Description of problem: Since installing fc3test2 i have began to experience lockups when running java programs in kaffe (the free jvm). It seems to be related to running a bunch of java threads. The reason that I'm blaming glibc is that downgrading to glibc-2.3.3-36 solves the problems. Version-Release number of selected component (if applicable): glibc-2.3.3-53 and -55 How reproducible: not totally deterministic, but a simple test program from the kaffe regression test suite locks up in 9 cases out of 10. Steps to Reproduce: 1. fresh fc2test1 install 2. fetch kaffe from cvs (http://kaffe.org/anoncvs.shtml) 3. run ./configure; make check Actual results: When the actual tests start it locks with the last line printed being PASS: ThreadInterrupt.java (that means that the next test, ThreadState.java has locked up) Expected results: 0-2 failures and no lockups. Additional info: Is there any repository with old (between fc3test1 and present) development glibc rpms somewhere?
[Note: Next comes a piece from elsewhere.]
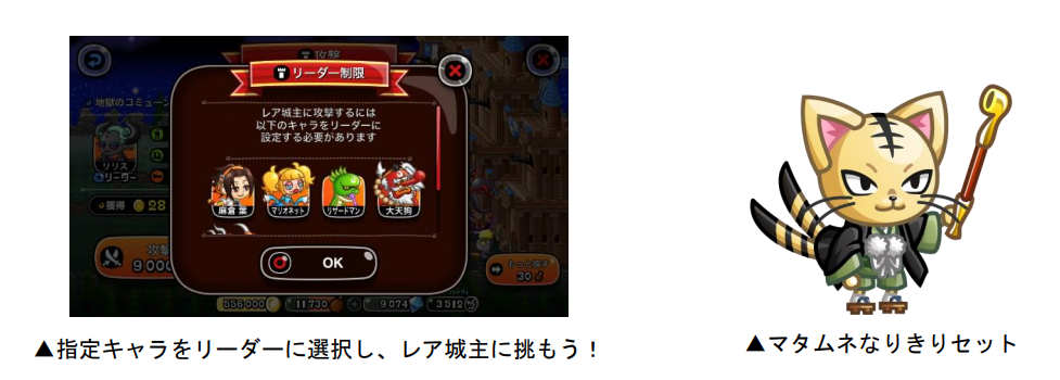 「バトル」から「ひとりで」または「みんなで」を選び、「攻撃」を選択すると、ランダムでレア城主が出現する「レア城主イベント」を開催いたします。まれに地獄のコミューンに遭遇し、規定数勝利をすると限定剣士お着替え「マタムネなりきりセット」がもらえます。

If so I could do some binary searching trying to find the change that caused this problem
Try ftp://sunsite.mff.cuni.cz/private/oldglibcs/ Only glibc-2*.i686.rpms there, you can test them e.g. by rpm2cpio | cpio -id'ing them into separate directory trees and during tests point LD_LIBRARY_PATH there. I have tried to build CVS kaffe on my x86-64, but it didn't work at all.
The change is between 2.3.3-47 and 2.3.3-53. Testing with cpio was really simple and nice :) The build problems x86-64 is probably a sign that you need to switch hardware with me :P
Added -48, -50 and -52 to the above URL.
Good. The problem occurs between -47 and -48. Anything more I can do? If you have .src.rpm's laying around somewhere I should be able to isolate the specific change and perhaps understand it :)
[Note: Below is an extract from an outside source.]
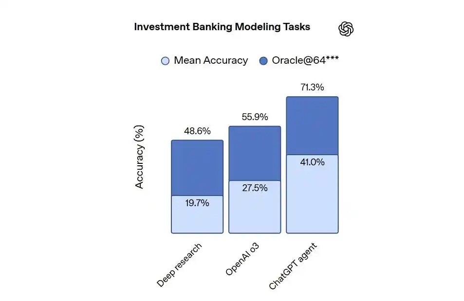 7月18日凌晨,OpenAI通过技术直播发布重磅产品ChatGPT Agent。 这款新产品具备自主思考与行动能力,可主动从技能库中选取Operator、Deep Research、ChatGPT等合适工具,完成各类超复杂任务。 直播视频 简单来说,它是融合了Operator智能体网页交互能力、“深入研究”(Deep Research)功能的互联网信息搜集能力,以及ChatGPT对话能力的统一智能体——这意味着ChatGPT不再局限于问答机器人的定位,还能借助“内置计算机”代表用户完成多步骤复杂任务。 举例来说,当用户要求分析三个竞争对手并制作幻灯片演示文稿时,ChatGPT Agent会智能浏览网站、筛选日期与结果、运行代码,甚至自动生成经过润色的幻灯片或电子表格。 为开发这一工具,OpenAI已将背后的Operator团队与Deep Research团队合并为统一团队。据外媒TheVerge报道,该新团队由产品和研究部门的20~35人组成。 OpenAI方面表示,ChatGPT Agent的底层模型在多项基准测试中展现出领先性能。其中,在涵盖超百个学科、由数千道题目构成的高难度测试“Humanity'sLastExam”(pass@1)中,其得分率达41.6%,约为OpenAI o3和o4-mini得分的两倍。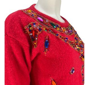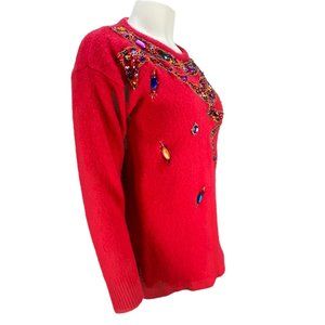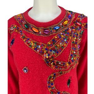 VTG Red KAMIRAN Beaded Lambswool Angora Sweater Sz Medium

Uploaded. If it is really the pthread_cond_* fix that breaks kaffe, it might very well be a kaffe bug too. If it is a glibc bug and you could create a small self-contained testcase reproducing the problem, it would make things far easier to understand and fix.
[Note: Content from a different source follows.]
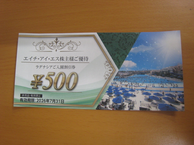 「エイチアイエス HIS 株主優待」 ラグナシア入園割引券 500円割引【1枚】※最大2500円割引 / 有効期限2026年7月31日

Ok, I have been able to reproduce this on i686 box. So far it looks far more likely to be a kaffe bug than glibc bug, but that's just the feeling. The thing is, if I LD_PRELOAD a small library which does int pthread_cond_destroy (void *x) { return 0; } (that's what was pthread_cond_destroy doing up to -47), it works even with current glibc. But even current pthread_cond_destroy does nothing if there are no pending waiters at the time pthread_cond_destroy is called (well, it acquires/releases the internal lock but that's it) nor any show up after it has been called. The POSIX standard requires that pthread_cond_destroy can be only called when there are no pending waiters. What the patch was changing is when there were condvar waiters, some thread signalled or broadcasted them, but before they were scheduled pthread_cond_destroy is called.
Ok, have proof that it's kaffe's fault: #0 0xb75eb782 in _dl_sysinfo_int80 () from /lib/ld-linux.so.2 #1 0xb751015e in __lll_mutex_lock_wait () from /lib/tls/libpthread.so.0 #2 0xb750dab3 in pthread_cond_wait@@GLIBC_2.3.2 () from /lib/tls/libpthread.so.0 #3 0xb75ccd4c in jcondvar_wait (cv=0x8319a98, mux=0x8319a80, timeout=-1) at lock-impl.c:67 x/12w 0x8319a98 0x8319a98: 0x00000002 0x0000002c 0xffffffff 0xffffffff 0x8319aa8: 0x00000016 0x00000000 0x00000016 0x00000000 0x8319ab8: 0x08319a80 0x00000000 0x00000000 0x00000000 pthread_cond_t's __data.__total_seq field is only set to -1LL in pthread_cond_destroy, while holding condvar's internal lock. The above thread is waiting for the internal lock on entry to the pthread_cond_wait function, which means pthread_cond_destroy has been called on this condvar before this pthread_cond_wait call. But that is a bug. Kaffe should be fixed to only pthread_cond_destroy on condvars which are no longer actively used.
This problem is fixed in kaffe cvs as of 04-10-01. Big thanks to Jakub for finding this problem.